Problem description
Beginning with the line of the entries below that holds "Huddersfield Town F.C." and ending with the line that holds "Giocattolo porta recinzione", transcribe each line exactly as written. Pictures stay out.

Records supplied
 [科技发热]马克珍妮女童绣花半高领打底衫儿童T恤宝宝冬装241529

---

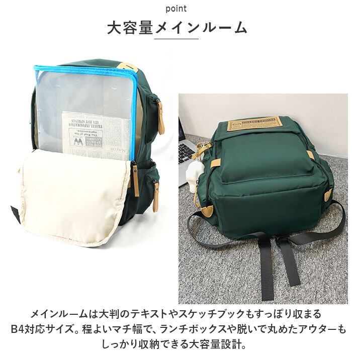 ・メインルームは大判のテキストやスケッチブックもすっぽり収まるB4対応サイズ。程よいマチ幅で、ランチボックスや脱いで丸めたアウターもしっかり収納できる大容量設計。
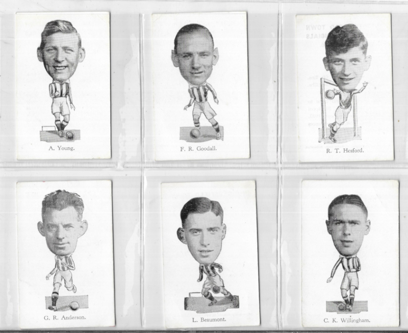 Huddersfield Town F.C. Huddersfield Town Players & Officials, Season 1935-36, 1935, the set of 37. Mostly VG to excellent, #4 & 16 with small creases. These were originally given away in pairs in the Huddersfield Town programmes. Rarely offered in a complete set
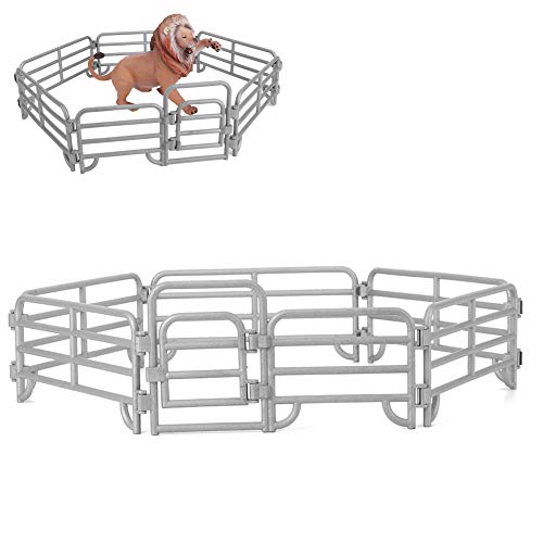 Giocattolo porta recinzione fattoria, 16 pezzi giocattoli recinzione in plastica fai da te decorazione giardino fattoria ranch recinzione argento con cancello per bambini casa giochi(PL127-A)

==

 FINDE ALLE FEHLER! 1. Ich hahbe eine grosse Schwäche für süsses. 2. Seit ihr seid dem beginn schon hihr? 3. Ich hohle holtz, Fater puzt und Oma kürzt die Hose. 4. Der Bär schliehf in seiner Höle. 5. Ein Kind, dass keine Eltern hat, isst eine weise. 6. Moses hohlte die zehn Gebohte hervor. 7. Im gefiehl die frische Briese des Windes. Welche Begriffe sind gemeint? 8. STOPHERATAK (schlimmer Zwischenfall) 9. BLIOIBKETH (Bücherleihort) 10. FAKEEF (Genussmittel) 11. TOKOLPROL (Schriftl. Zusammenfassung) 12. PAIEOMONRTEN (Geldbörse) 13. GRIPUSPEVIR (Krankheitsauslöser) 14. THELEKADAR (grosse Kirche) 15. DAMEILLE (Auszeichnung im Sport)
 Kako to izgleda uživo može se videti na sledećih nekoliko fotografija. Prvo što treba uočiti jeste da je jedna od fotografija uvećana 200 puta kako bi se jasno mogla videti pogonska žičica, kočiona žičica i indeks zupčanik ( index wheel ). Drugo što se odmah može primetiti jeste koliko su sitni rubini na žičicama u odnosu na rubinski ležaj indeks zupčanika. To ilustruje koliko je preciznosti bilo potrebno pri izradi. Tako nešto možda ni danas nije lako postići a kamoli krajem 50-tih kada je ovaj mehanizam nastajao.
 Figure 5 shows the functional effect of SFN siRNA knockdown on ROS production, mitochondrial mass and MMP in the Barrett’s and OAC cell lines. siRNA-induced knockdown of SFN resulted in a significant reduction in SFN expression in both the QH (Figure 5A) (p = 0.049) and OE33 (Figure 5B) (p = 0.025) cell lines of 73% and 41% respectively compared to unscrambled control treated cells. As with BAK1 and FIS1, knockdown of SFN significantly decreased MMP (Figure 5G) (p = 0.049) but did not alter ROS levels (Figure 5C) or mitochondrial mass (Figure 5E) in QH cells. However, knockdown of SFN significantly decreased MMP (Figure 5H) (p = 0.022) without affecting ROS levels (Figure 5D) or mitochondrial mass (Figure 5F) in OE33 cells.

Result of the exercise
 Huddersfield Town F.C. Huddersfield Town Players & Officials, Season 1935-36, 1935, the set of 37. Mostly VG to excellent, #4 & 16 with small creases. These were originally given away in pairs in the Huddersfield Town programmes. Rarely offered in a complete set
 Giocattolo porta recinzione fattoria, 16 pezzi giocattoli recinzione in plastica fai da te decorazione giardino fattoria ranch recinzione argento con cancello per bambini casa giochi(PL127-A)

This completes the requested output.